After taking the credits, the student must defend his thesis proposal in a Qualifying Examination, within the limit of two years after his entry into the doctorate. This defense takes place before a board composed of three examiners, doctors, and must have among its members an internal examiner of the program (president) and an examiner external to the UFJF. The supervisor and co-supervisors are not part of the qualifying panel. One of the requirements for the qualifying exam is to have a complete article published, or accepted (without pending) for publication, in an event or journal, national or international, indexed in one of the following databases: Qualis (CAPES), JCR (ISI), or SJR (Scopus). In this way, it is expected that the student who already has some preliminary result to be presented.

The new regiment of the program also established that the doctoral student must present a Doctoral Follow-up Seminar, which aims to evaluate the student’s development in the theme of the doctoral thesis chosen as his object of study.
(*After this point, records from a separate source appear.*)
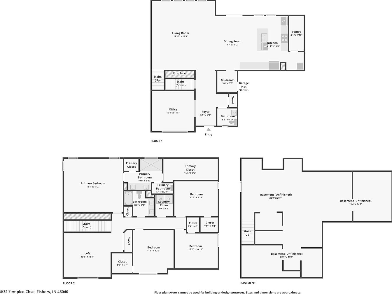 This detailed floor plan reveals a spacious three-level home layout. The main floor hosts an open-concept living area combining the living room, dining room, and kitchen with an adjacent pantry and mudroom. A foyer leads to a small bathroom, office space, and stairs connecting all levels. Upstairs, the primary bedroom features a large walk-in closet and en-suite bathroom. Three additional bedrooms, a loft, laundry room, and shared bathroom complete the second floor. The basement is unfinished and open, offering flexible space for future customization. The design emphasizes functional flow and practical storage throughout the home.
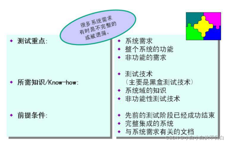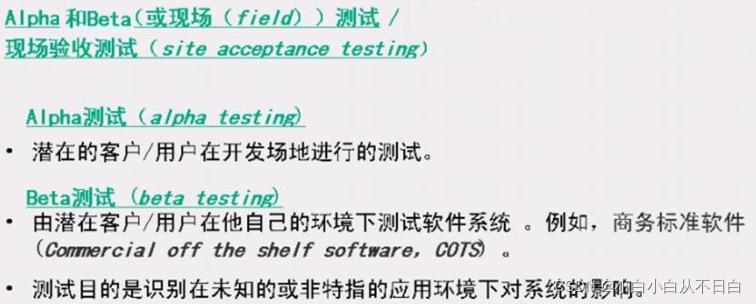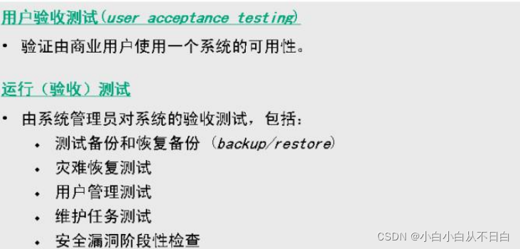 - 验收测试:对软件产品的说明进行验证,逐行逐句安装说明书的描述对软件产品进行测试,确保符合客户的各项要求
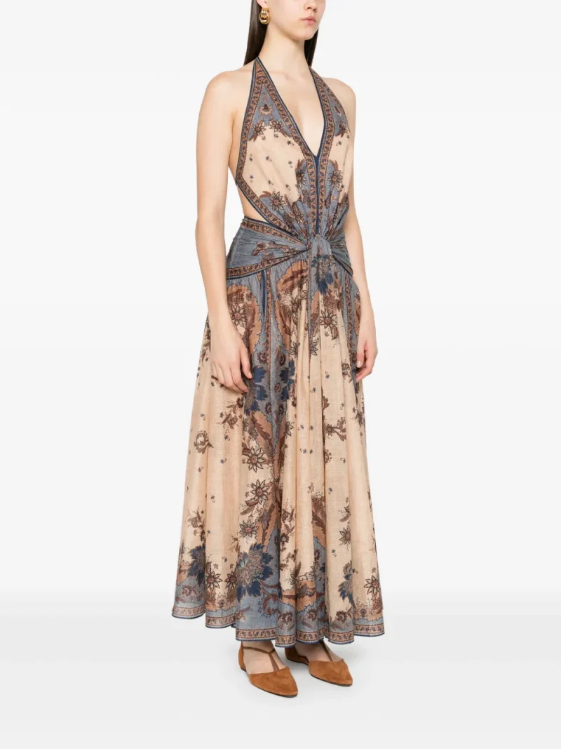 Rochie Zimmermann Ascension Plunge Halter Maxiotton verde, realizata din bumbac, halterneck, cu decolteu adanc in V, talie marcata cu decupaje laterale, fusta evazata cu detalii fluide si grafica florala imprimata. Potrivita pentru sezonul toamna/iarna. 100% bumbac; 100% bumbac.
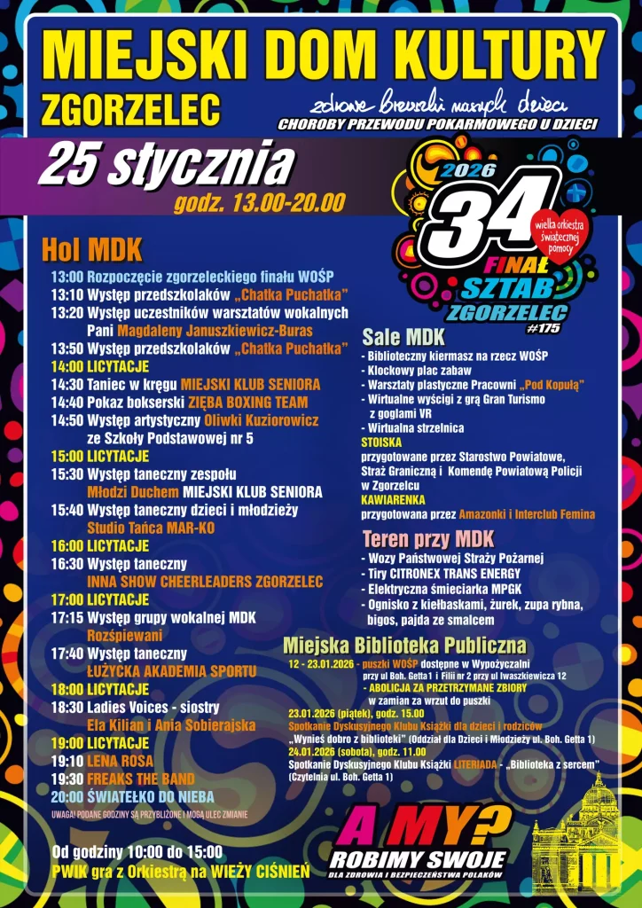 W przeddzień finału, 24 stycznia (sobota) o godzinie 17:00, w Miejskim Domu Kultury w Zgorzelcu odbędzie się wyjątkowy koncert kolęd w wykonaniu Zgorzeleckiej Orkiestry Mandolinistów. Wstęp na wydarzenie jest możliwy za symboliczny wrzut do puszki WOŚP, co pozwala połączyć piękne muzyczne przeżycie z pomocą najmłodszym.
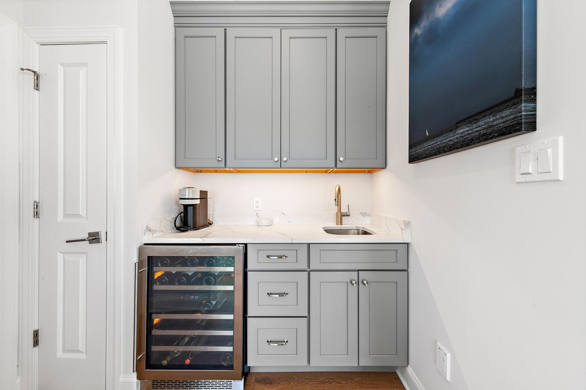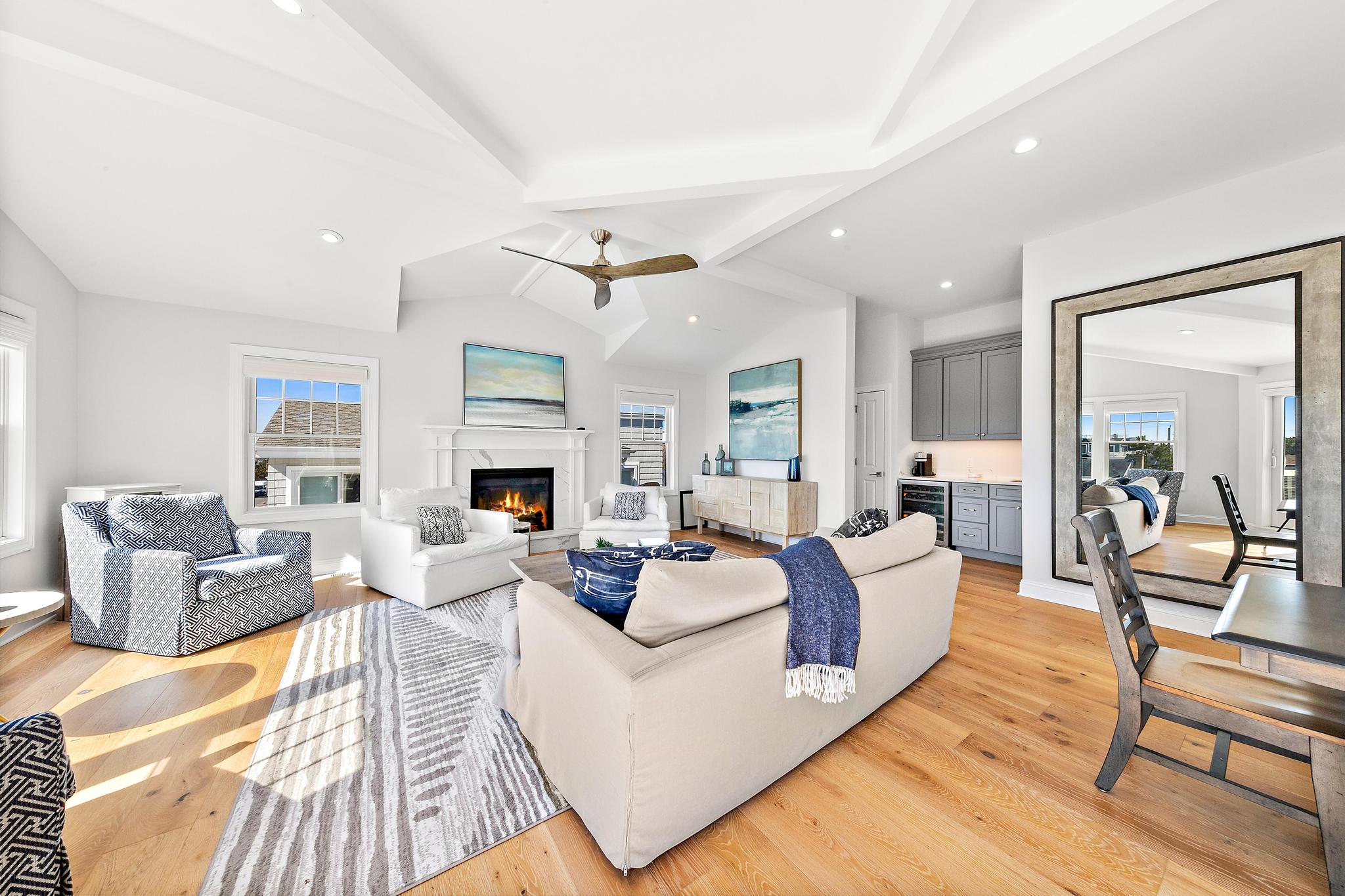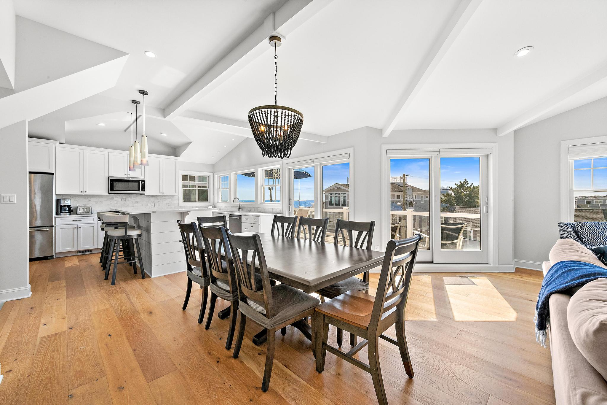 As you step inside, you'll be greeted by an inviting open-concept living, dining, and kitchen area with soaring ceilings, creating an airy and spacious atmosphere, all backdropped with Atlantic views. The living area features a convenient wet bar complete with a sink and wine refrigerator, perfect for entertaining guests. The dining area comfortably seats eight guests, complemented by a kitchen island with additional seating for three. Custom cabinetry and top-of-the-line appliances adorn the kitchen, making meal preparation a delight. A back office tucked behind the kitchen provides a quiet retreat for work or study.
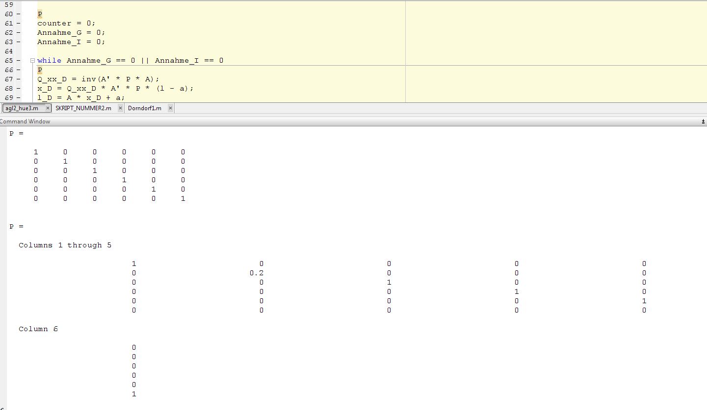 Auf dem Bild sieht man oben den Quellcode, in dem in den Zeilen 60 und 66 die Matrix P ausgegeben werden soll. In den Zeilen dazwischen passiert nichts mit der Matrix. Unten auf dem Bild ist die Ausgabe zu sehen, wo jetzt auf einmal das Element (2,2) "0.2" statt "1" beträgt. Kennt jemand diesen Fehler und/oder weiß wie das zu beheben ist?
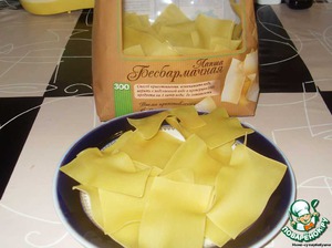 Макаронные изделия засыпать в кипящую подсоленную воду (на 500 г - 5 л воды), отварить до полуготовности, откинуть на дуршлаг и хорошо промыть кипящей (!) водой. Разделить макароны на 3 части. 1/3 выложить в форму. Поскольку у меня были этакие пластины, я выложила их внахлест.
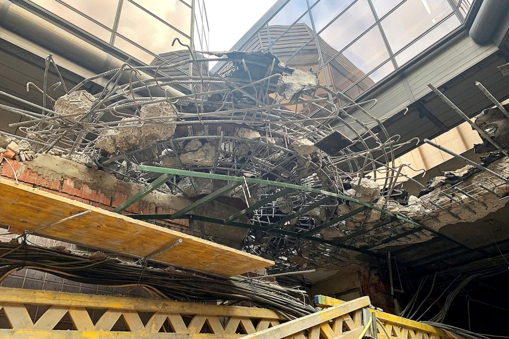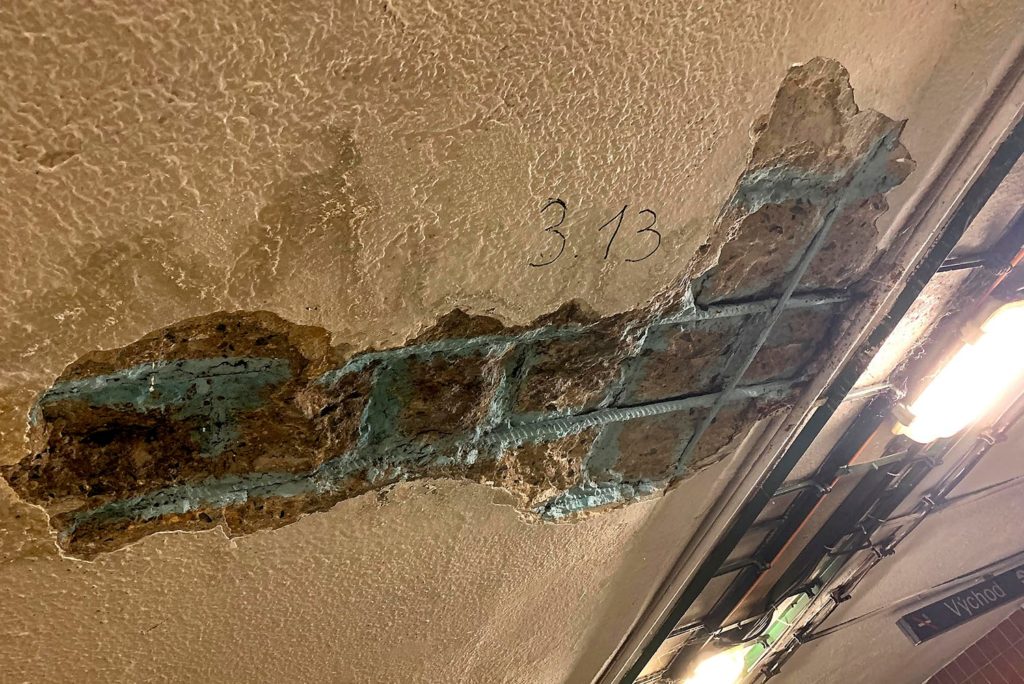 - Další zatékání vody kontaminované chloridy spolu se ztrátou pasivační schopnosti betonu zapříčinilo rozšiřování trhlin a postupující korozi. Vedlo to také k delaminaci krycí vrstvy betonu na podhledu stropních desek.
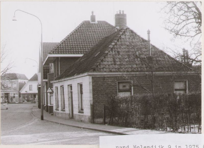 Daarom besloot de gemeenteraad de vier stukjes dijk aan te kopen en het pad te verharden. Oorspronkelijk was het plan om het wegdek met granietkeien ( data-start="1433" data-end="1447">kinderkoppen) te bestraten, maar vanwege de hoge kosten werd hiervan afgezien. In plaats daarvan kwam er een één meter breed middenpad van klinkers, terwijl de rest van het wegdek met veldkeien werd aangelegd. De Molendijk bleef lange tijd een smalle weg. Door de woningen aan weerszijden was verbreding niet mogelijk. In 1926 gaf weduwe J.H. Holkenborg echter aan dat zij haar woning desgewenst aan de gemeente wilde verkopen. De gemeenteraad besloot tot aankoop, maar omdat er nog andere ‘verkeersbelemmerende obstakels’ aan de Molendijk stonden die nog geen eigendom van de gemeente waren, mocht de weduwe tijdelijk blijven wonen tegen een vergoeding. Pas veel later, nadat de overige obstakels in gemeentelijk bezit waren gekomen, werd de woning afgebroken.
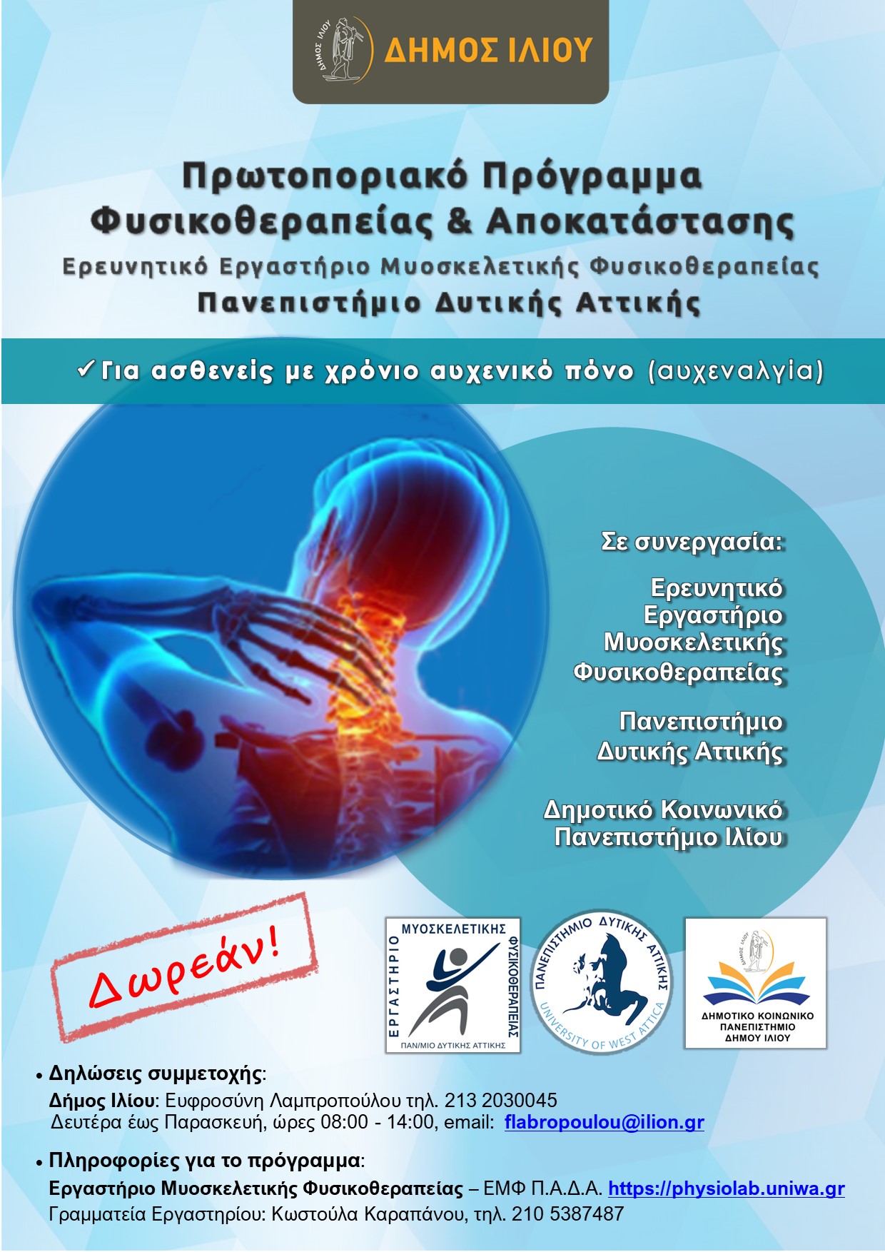 Παρατείνεται έως το τέλος Απριλίου, μετά την επιτυχημένη πορεία του, το πρωτοποριακό πρόγραμμα φυσικοθεραπείας και αποκατάστασης που έθεσαν σε εφαρμογή ο Δήμος Ιλίου, το Πανεπιστήμιο Δυτικής Αττικής (ΠΑΔΑ) και το Ερευνητικό Εργαστήριο Μυοσκελετικής Φυσικοθεραπείας του ΠΑΔΑ. Έως σήμερα 300 ασθενείς πολίτες βρήκαν ανακούφιση από τον πόνο μέσω εξατομικευμένου προγράμματος θεραπευτικής άσκησης, με δωρεάν υπηρεσίες φυσικοθεραπείας και αποκατάστασης.

To present this seminar, the student must meet the following prerequisites: have been approved in the qualifying exam; have a complete article submitted for publication in a national or international journal, indexed in one of the following databases: Qualis (CAPES), JCR (ISI), or SJR (Scopus). This submission must be distinct from that submitted for the Qualifying Exam prerequisites.

To obtain a doctor’s degree, after completing all the necessary credits and passing all the exams, the doctoral student must prepare, defend and have his doctoral thesis approved, with an original scientific contribution and directed to a line of research. from the program.